• Ponorogo, Identitas di Tangan Kepentingan


    oleh Bre Redana dan Hariadi Saptono

    Di bawah patung tujuh harimau kumbang, kami menikmati jajanan rujak dan singkong goreng dengan tambahan hati takjub-terkesima. Kami menemukan Alun-alun Kabupaten Ponorogo begitu hidup, semringah, sekilas terkesan begitu menyenangkan warga. Landmark kota berwujud patung tokoh reog itu tersebar di sudut-sudut kota, begitu mencolok pikiran. Apa

    gerangan makna semua ini?

    ”Beginilah Ponorogo, Mas, tidak pernah ada kerusuhan atau perkelahian lagi antaranak muda sekarang ini. Makanya suasananya terus berubah makin baik. Alun-alun ini jadi pasar malam setiap hari sejak beberapa tahun lalu,” kata Ny Umiyani (69) dengan nada syukur dan bangga atas kondisi kotanya.

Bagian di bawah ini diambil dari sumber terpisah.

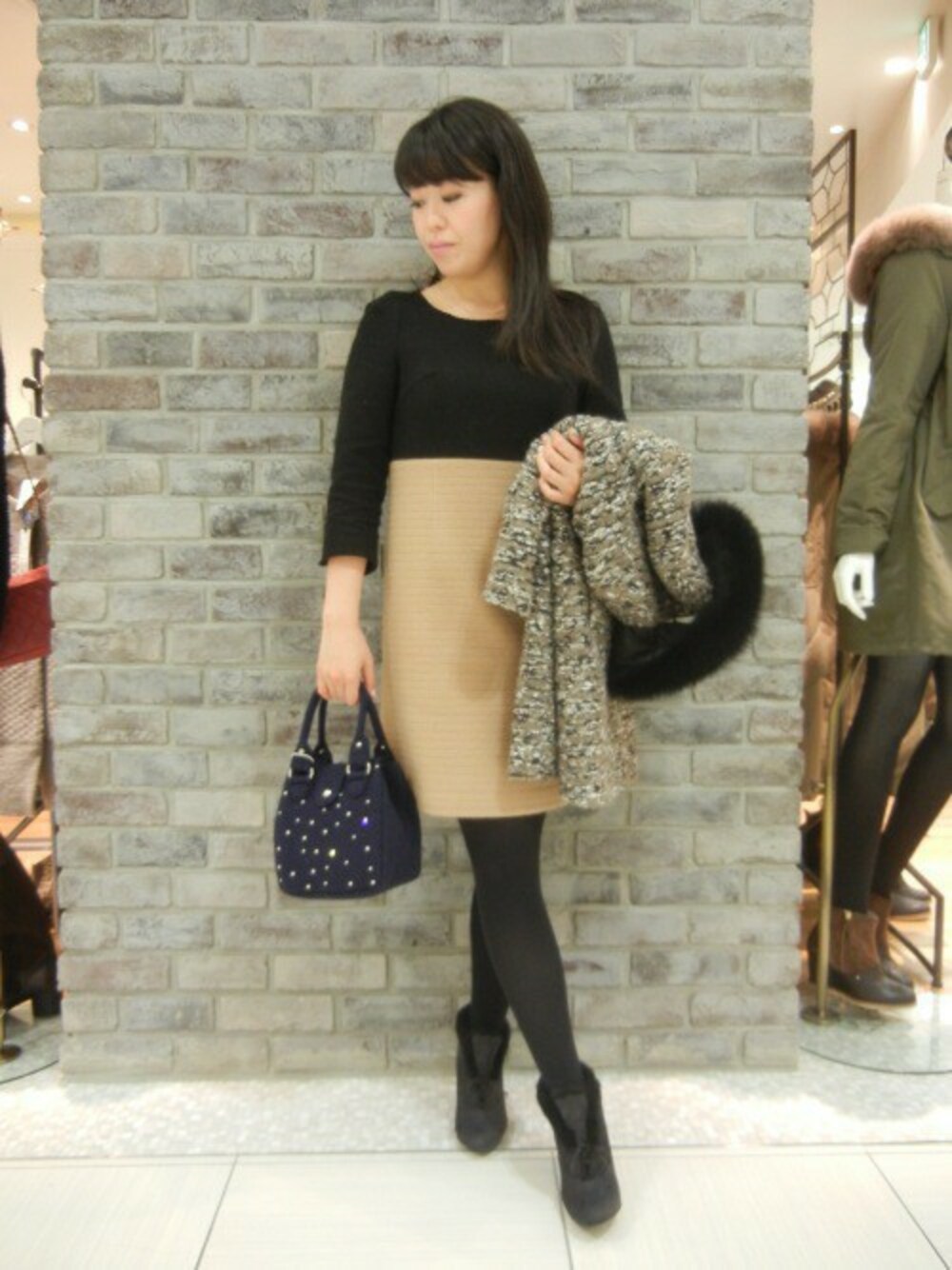 今年トレンドのハイウエストのデザインが特徴のワンピースで決める、大人のクラシカルスタイル♪ アンゴラ混の“ふんわ~り”とした優しい素材感でフェミニンな印象に。 シンプルで合わせやすいデザインなので、デイリーからお出かけにと大活躍してくれます◎ ラインストーンを散りばめた【bonfanti】のフエルトバッグで遊び心をプラスしてみました♪ 人気の【CORSO ROMA 9】のボアブーツはショート丈なので上品な足元に仕上がります。
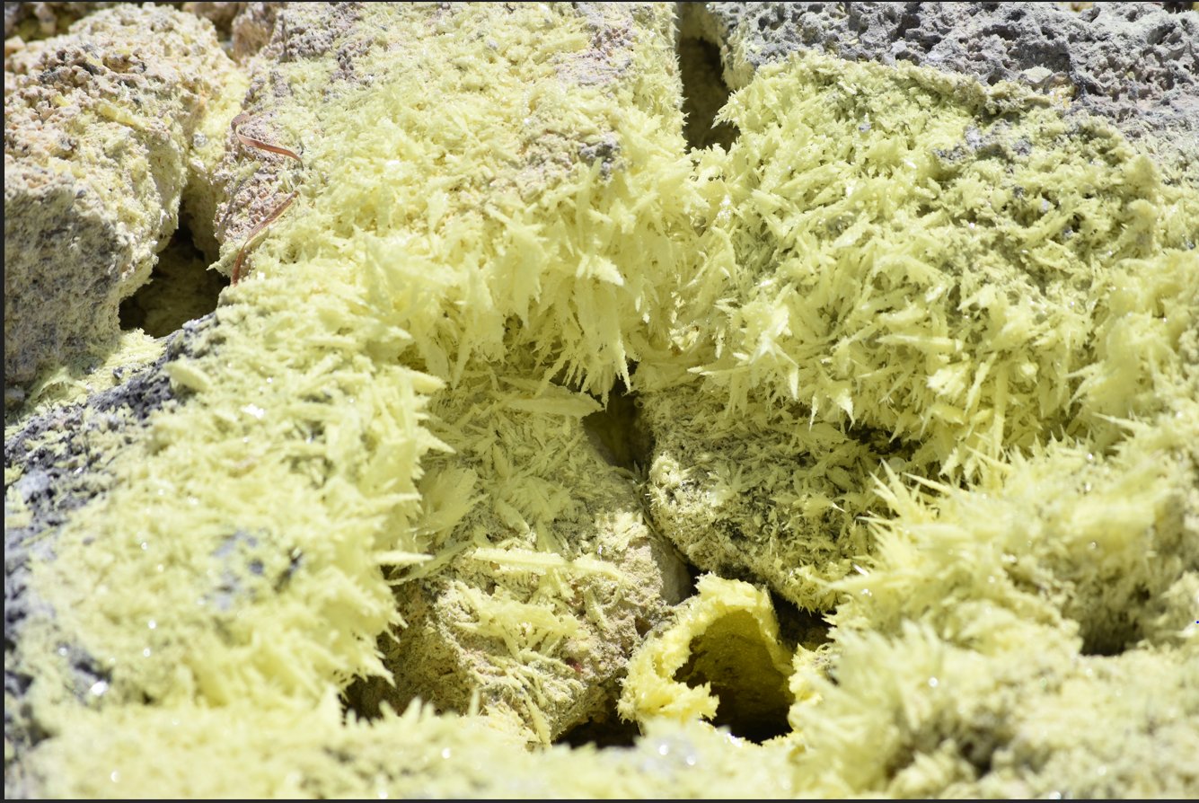 Ensuite, nous avons effectué une randonnée jusque dans la caldera au cœur du cratère. Pendant le trajet nous avons vu des ”Steam Vents”, qui sont des trous ou des fissures où l’eau s’infiltre pour ensuite s’évaporer à cause de la chaleur du volcan. Nous pouvons maintenant dire que nous avons dîné dans le volcan le plus actif du monde (et même fait pipi pour certains d’entre nous). Nous avons eu une présentation sur la formation du volcan et les divers types de roches autour de nous. Ensuite nous avons entamé la remontée qui fut plus éprouvante que la descente, mais nous en sommes tous sortis vivants. Pendant le retour, nous avons emprunté un chemin différent et avons pu observer des “sulfure banks” , des émanations de souffre jaune fluo qui remontent de la terre.
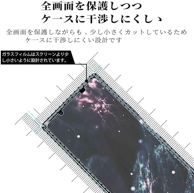 『対応機種』Xperia5 II(SOG02 SO-52A)専用。携帯は端部のカーブがフィルム剥がれ、浮きの防止、スマホケース装着スペース確保のため、機器の曲面の縁にスペースを残すデザインとなっています。
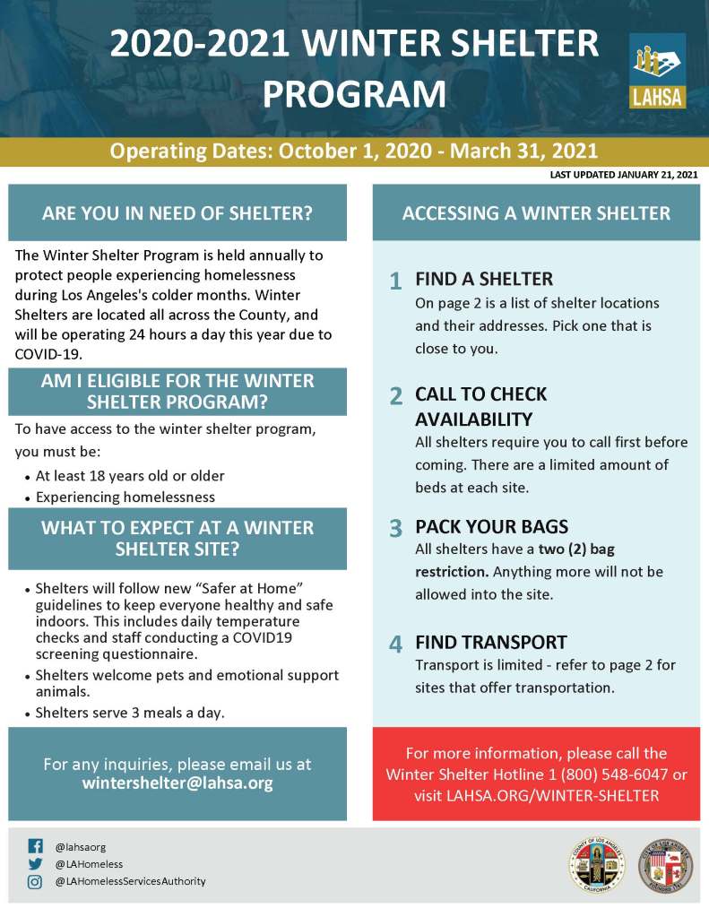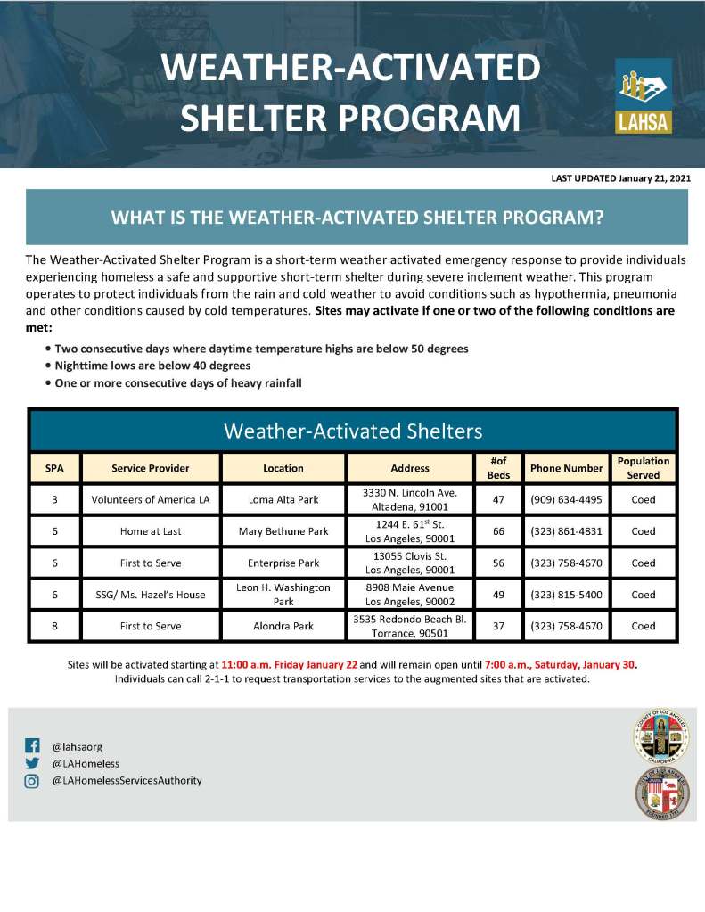 The Los Angeles Homeless Services Authority (LAHSA) Weather-Activated Shelter Program is a short-term weather activated emergency response to provide individuals experiencing homeless a safe and supportive short-term shelter during severe inclement weather. This program operates to protect individuals from the rain and cold weather to avoid conditions such as hypothermia, pneumonia and other conditions caused by cold temperatures.

Guru Sekolah Dasar Tonatan I, Kabupaten Ponorogo, Jawa Timur, itu tengah duduk bersantai di bawah patung Klono Sewandono dan Tujuh Harimau, serta Dewi Songgolangit di pinggiran Alun-alun Ponorogo. Tukang parkir sepeda motor yang nyambi menjual teh botol menimpali, Ponorogo—khususnya Alun-alun Ponorogo—kian hari kian menyenangkan sebagai tempat bersantai keluarga.

    Saat masuk kota ini dari Kabupaten Wonogiri, Jawa Tengah, kami menangkap siaran salah satu radio swasta Ponorogo. Dialog penyiar pria dengan sejumlah penelepon bolak-balik kami bahas: bahasanya unik, tetapi kasar amat ungkapannya, ya. Dan bolak-balik sang penyiar menyapa pendengarnya dengan: ”Warok-warok... sak Ponorogo..., piye kabarmu, Warok...?” dan seterusnya dengan slang, logat, dan ungkapan telak khas Ponorogo.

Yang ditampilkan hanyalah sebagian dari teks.